Environment law: EIA and 'end products'

Recent case law may mark a new chapter in EIA law and practice, says Stephen Tromas

Environmental impact assessment (EIA) continues to require fundamental reappraisal of long-held tenets of UK planning law.

Only recently, in R (Save Britain’s Heritage) v Secretary of State for Communities and Local Government ([2011] EWCA Civ 334), the Court of Appeal (CA) held that demolition of a building may be a “project” requiring an EIA.

The decision renders the direction given in 1995 by the secretary of state for the environment that much, if not most, demolition is not “development” as void. In reality, the CA had little alternative but to follow the decision of the European Court of Justice (ECJ) in the case of The Commission v Ireland (Case C-50/09), which was handed down on 3 March 2011.

The ECJ ruled that such works can be a “scheme” or an “intervention in the natural surroundings and landscape” in terms of art. 1.2 of the EIA Directive (85/337/EEC).

The case provides a striking textbook example of how EU law makes it necessary to think outside established “boxes” in terms of planning law and policy. Another possible European case, which has yet to make its mark, is Paul Abraham v Région Wallone (Case C-02/07). It concerned a claim for compensation for nuisance for residents living near a former military airport that had been refurbished with improvements enabling it to be used 24-hours a day, 365 days a year.
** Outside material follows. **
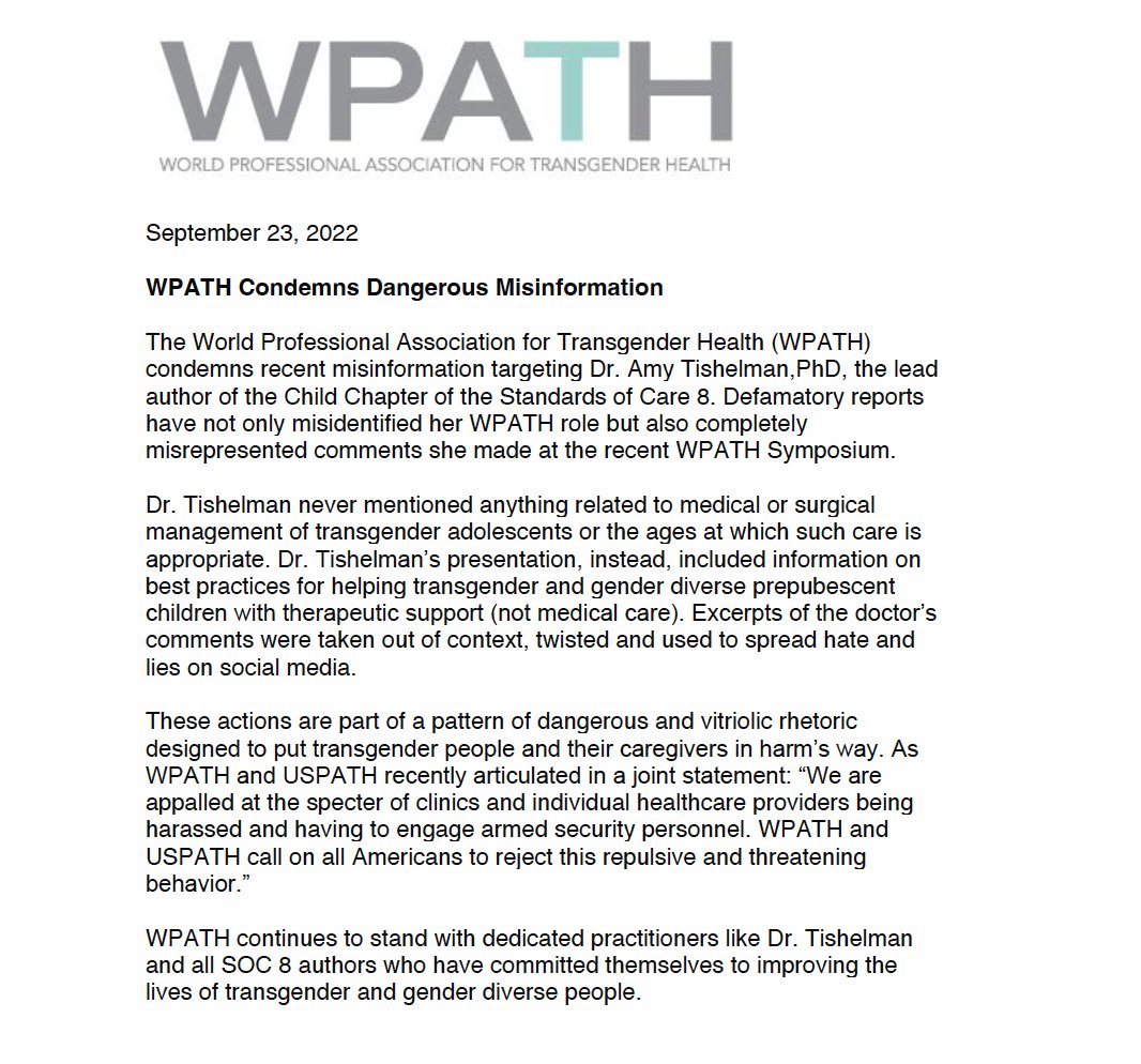 WPATH published its new transgender treatment guidelines on Sept. 10, 2022, and later that same day removed the age limits on pediatric gender-transition treatment. This was in the immediate wake of the @AmerAcadPeds and the @Trevor_Project pressuring them to do so.

The case raised a number of points to do with the EIA Directive, which was referred to by the ECJ. One was whether the competent authorities had an obligation to take account of the projected increase in the activity of an airport in determining for screening purposes whether the change to the existing airport must be made subject to an assessment of its impact on the environment.

The ECJ concluded that there was such an obligation to take account not just of the effect of the actual works but of the effects of the project – the improvement of the airport and its consequent expanded use.

The court said “Directive 85/337 seeks an overall assessment of the environmental impact of projects or of their modification”, adding that: “it would be simplistic and contrary to that approach to take account, when assessing the environmental impact of a project or of its modification, only of the direct effects of the works envisaged themselves, and not of the environmental impact liable to result from the use and exploitation of the end product of those works.”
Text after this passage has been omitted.